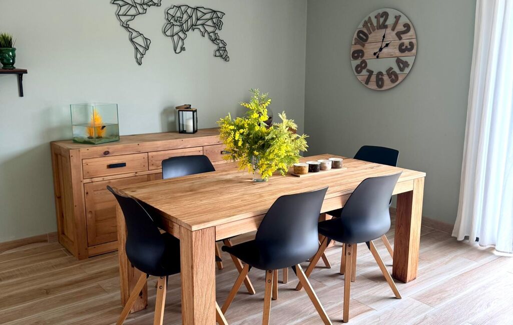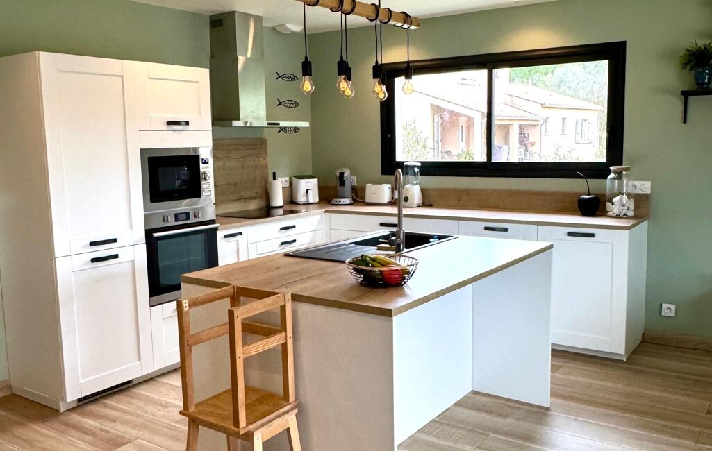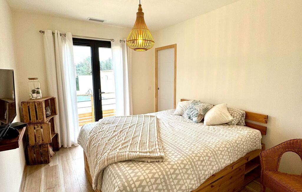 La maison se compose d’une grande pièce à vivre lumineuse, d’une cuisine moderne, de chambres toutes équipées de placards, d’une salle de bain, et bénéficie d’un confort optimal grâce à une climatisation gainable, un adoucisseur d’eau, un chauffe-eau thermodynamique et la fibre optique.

────────

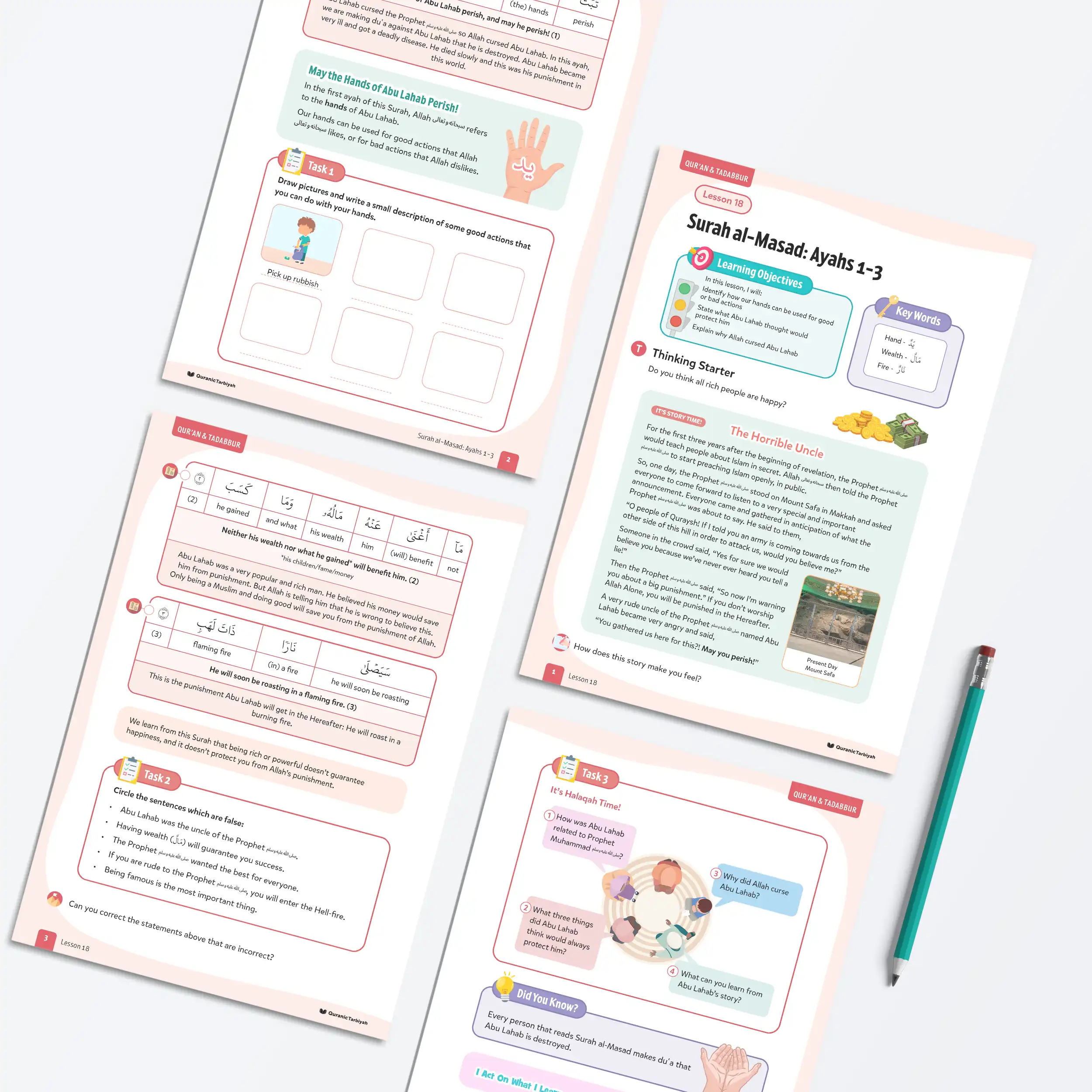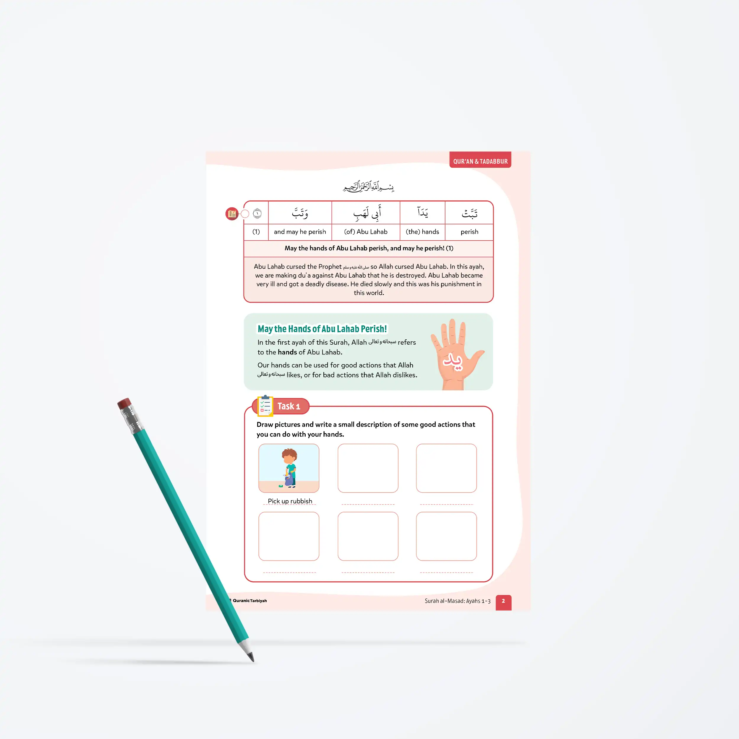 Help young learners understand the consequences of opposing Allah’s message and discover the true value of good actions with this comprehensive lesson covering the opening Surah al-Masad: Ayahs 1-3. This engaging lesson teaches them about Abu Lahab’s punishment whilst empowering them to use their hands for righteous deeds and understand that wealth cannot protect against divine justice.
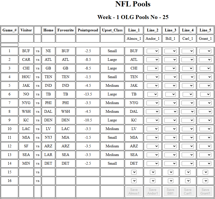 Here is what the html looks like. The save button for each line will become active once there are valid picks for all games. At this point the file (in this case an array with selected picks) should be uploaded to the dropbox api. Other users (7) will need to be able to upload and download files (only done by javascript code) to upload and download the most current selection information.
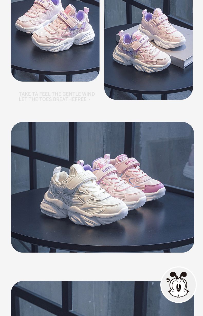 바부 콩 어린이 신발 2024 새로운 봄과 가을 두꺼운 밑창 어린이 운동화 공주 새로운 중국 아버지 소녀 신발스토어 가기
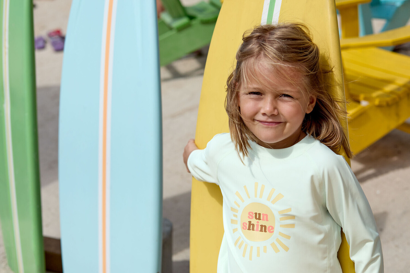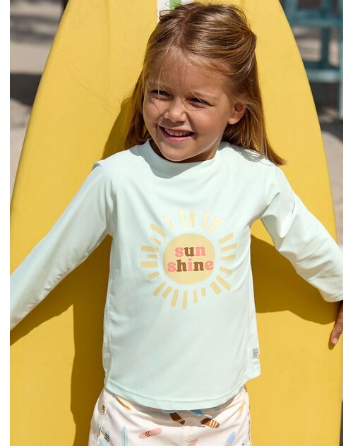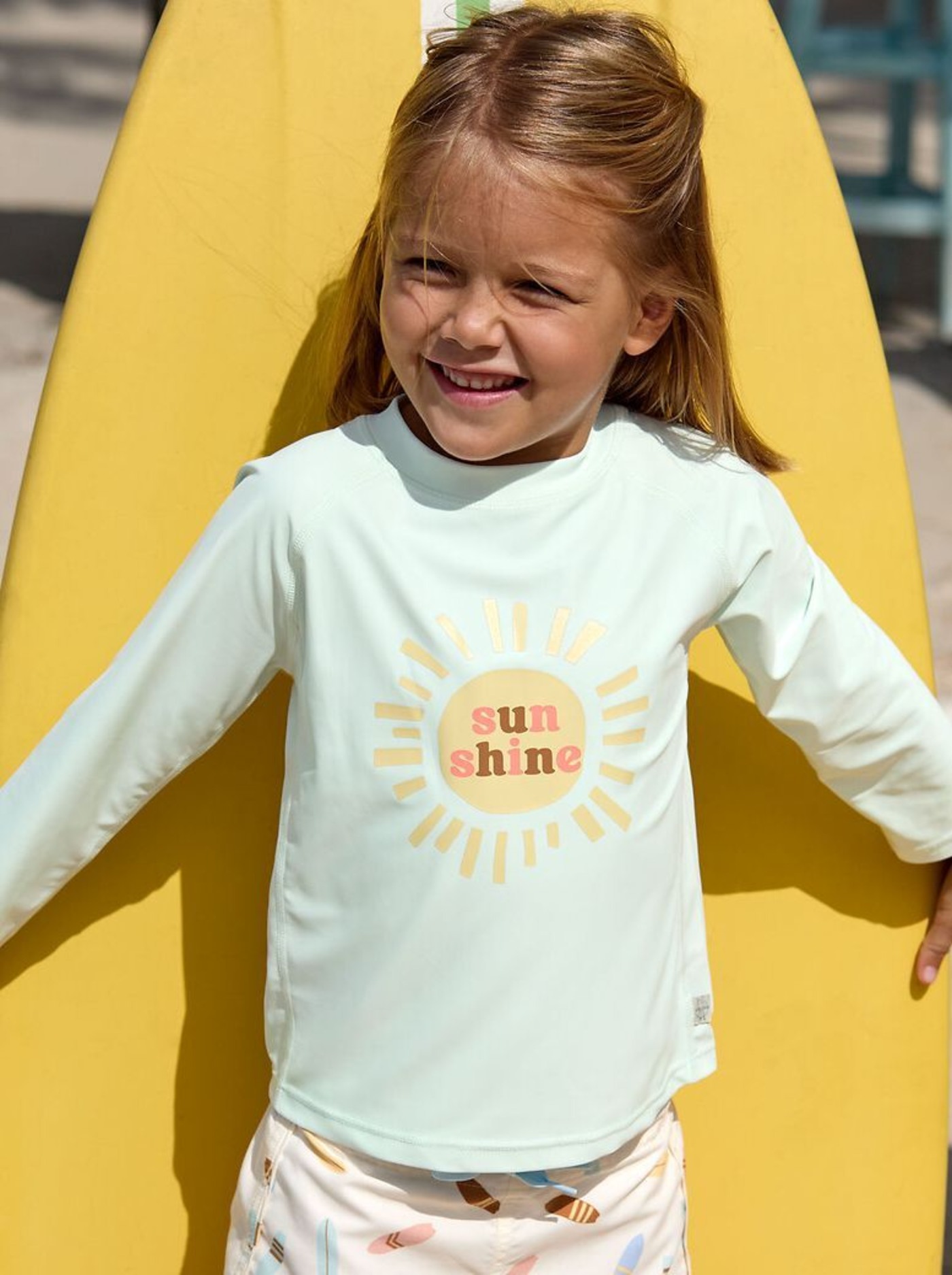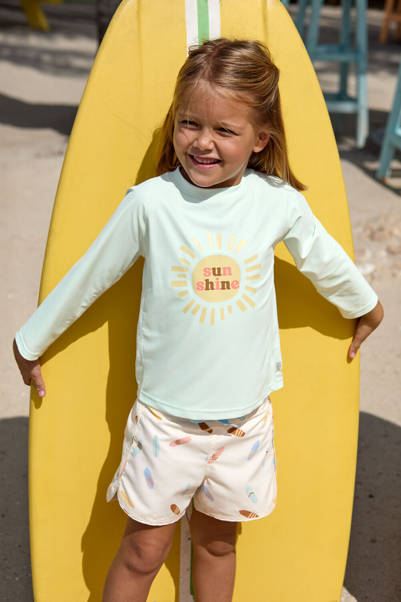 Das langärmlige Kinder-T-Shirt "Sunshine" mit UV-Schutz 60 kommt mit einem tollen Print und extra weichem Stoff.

────────

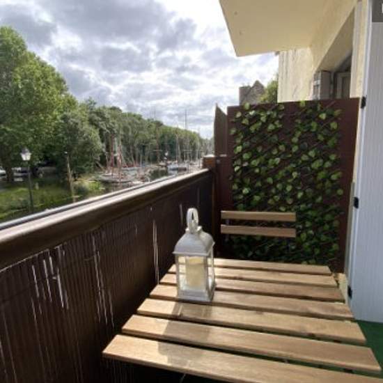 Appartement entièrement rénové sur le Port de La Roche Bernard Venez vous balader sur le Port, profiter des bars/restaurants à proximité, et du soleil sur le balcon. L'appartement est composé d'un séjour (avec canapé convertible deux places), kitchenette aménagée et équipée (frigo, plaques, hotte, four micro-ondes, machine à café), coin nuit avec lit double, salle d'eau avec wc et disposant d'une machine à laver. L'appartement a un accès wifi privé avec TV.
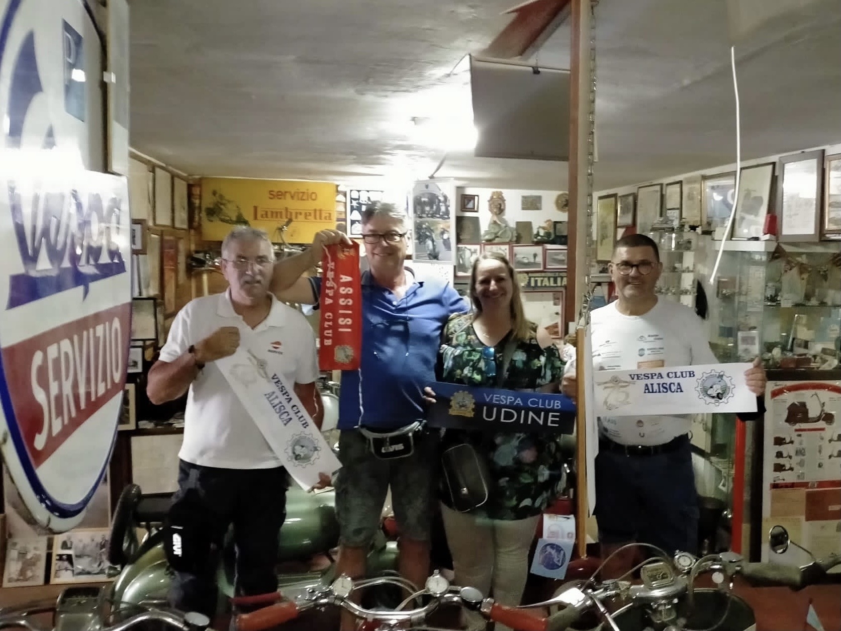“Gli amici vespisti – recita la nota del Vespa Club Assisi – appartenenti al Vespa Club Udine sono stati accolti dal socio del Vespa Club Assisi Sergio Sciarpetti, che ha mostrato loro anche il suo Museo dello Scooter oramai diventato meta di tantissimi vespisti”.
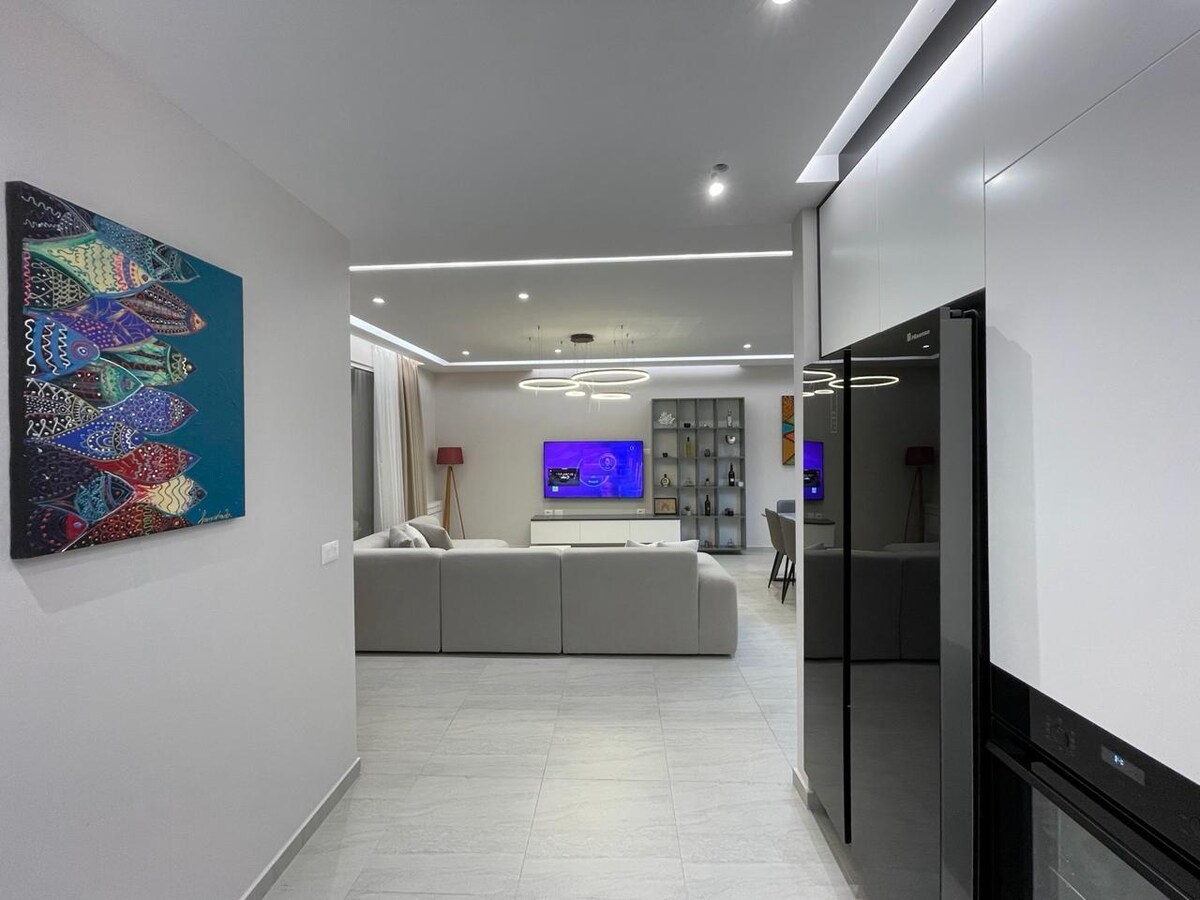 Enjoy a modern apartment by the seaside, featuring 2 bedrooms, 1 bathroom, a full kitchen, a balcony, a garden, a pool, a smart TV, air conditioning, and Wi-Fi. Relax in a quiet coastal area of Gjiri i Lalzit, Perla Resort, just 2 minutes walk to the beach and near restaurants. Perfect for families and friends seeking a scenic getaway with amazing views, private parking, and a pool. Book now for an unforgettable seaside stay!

────────

=== EXERCISE PROMPT ===
Using the data above, copy exactly the lines from the one containing "Here is what" to the one containing "Das langärmlige Kinder-T-Shirt", inclusive. Exclude the pictures.

=== RESPONSE AREA ===
 Here is what the html looks like. The save button for each line will become active once there are valid picks for all games. At this point the file (in this case an array with selected picks) should be uploaded to the dropbox api. Other users (7) will need to be able to upload and download files (only done by javascript code) to upload and download the most current selection information.
 바부 콩 어린이 신발 2024 새로운 봄과 가을 두꺼운 밑창 어린이 운동화 공주 새로운 중국 아버지 소녀 신발스토어 가기
 Das langärmlige Kinder-T-Shirt "Sunshine" mit UV-Schutz 60 kommt mit einem tollen Print und extra weichem Stoff.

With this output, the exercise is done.